Hi there,
say I have a line with multiple columns but with different separation formats: spaces, tabs..
Is it possible to have AWK print the separation format between each column?
Hi there,
say I have a line with multiple columns but with different separation formats: spaces, tabs..
Is it possible to have AWK print the separation format between each column?
If you supply any other means to identify columns and/or tell them from each other.
Thank you, but I dont think I got your point
You didn't supply any way for a program looking at your input file to determine whether a one or more spaces or one or more tabs found in a line in that input file is supposed to be interpreted as a field separator or as data within a field. And since you said the separation formats include spaces, tabs, ...; we don't know whether any given character in the input file is a field separator or data.
If you can't explicitly explain the difference between data and field separators in your input, there is nothing we can do to help you write an awk
script that will determine the format for you.
Ok, thank you. The file looks like this:
ABCD A L BBB J HHH 9495994 4458902 HJFGGJK SDFR 22222
Can awk determine which are the separators between ABCD and A, or between BBB and J?
Based on the assumption your file contains only upper case chars and digits, this would yield all separators used:
awk '{gsub(/[A-Z0-9]/,"");for (i=1; i<=length; i++) C[substr($0,i,1)]++} END {for (c in C) print c}' file
Thank you RudiC. I tried it but the output is nothing, which I dont think is wrong.

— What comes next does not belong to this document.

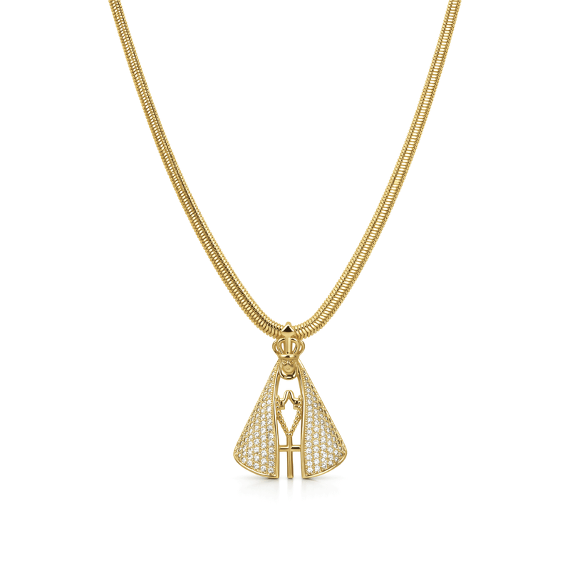 Colar Omega N.Sra Aparecida Cravejado em Banho de Ouro 18K

The answer is there, its just that whether the answer are spaces or tabs, these are not being printed as " " or "t". In other words, for the file
ABCD A L
which is ABCDtabAspacespacespaceL
I would expect awk to print these separators, something like:
awk_command
output:
t " "
The output is there. Pipe it through hexdump
or od
.
Although there were no <tab> characters in any of your samples, you could try something like:
awk '
{ printf("Input is:\n%s\nFormat is:\n", $0)
gsub(/[^[:space:]]+/, "DATA")
gsub(/\t/, "<tab>")
gsub(/ /, "<space>")
print
}' file
If file
contains:
ABCD A L BBB J HHH 9495994 4458902 HJFGGJK SDFR 22222
f1 f2 f3 f4 f5 f6 f7 f8 f9 f10
it produces the output:
Input is:
ABCD A L BBB J HHH 9495994 4458902 HJFGGJK SDFR 22222
Format is:
DATA<space><space><space><space><space><space>DATA<space><space>DATA<space><space><space><space><space>DATA<space>DATA<space>DATA<space><space><space><space><space>DATA<space>DATA<space><space>DATA<space><space>DATA<space>DATA<space><space>
Input is:
f1 f2 f3 f4 f5 f6 f7 f8 f9 f10
Format is:
DATA<tab>DATA<space><space>DATA<tab>DATA<space>DATA<space>DATA<space>DATA<tab>DATA<space>DATA<space><tab><space>DATA
If you want to try this on a Solaris/SunOS system, change awk
to /usr/xpg4/bin/awk
.
Brilliant, thank you all.
@DonCragun, why do you say there were no tabs in my sample? I made it with a vi editor, and I actually used a tab separator. Just curious..
I say there were no tabs in your sample because the text you included in post #5 and post #7 in this thread did not contain any <tab> characters.
Note that if you copy text from a terminal emulator window in which you are running vi
, vi
uses spaces instead <tab>s to display <tab> characters. On most systems, if you exit vi
and cat
the file to the screen, you can then copy the text from your terminal emulator window and paste it into a post on this forum to have <tab>s appear as <tab>s (ass long as you post those sample inside CODE tags).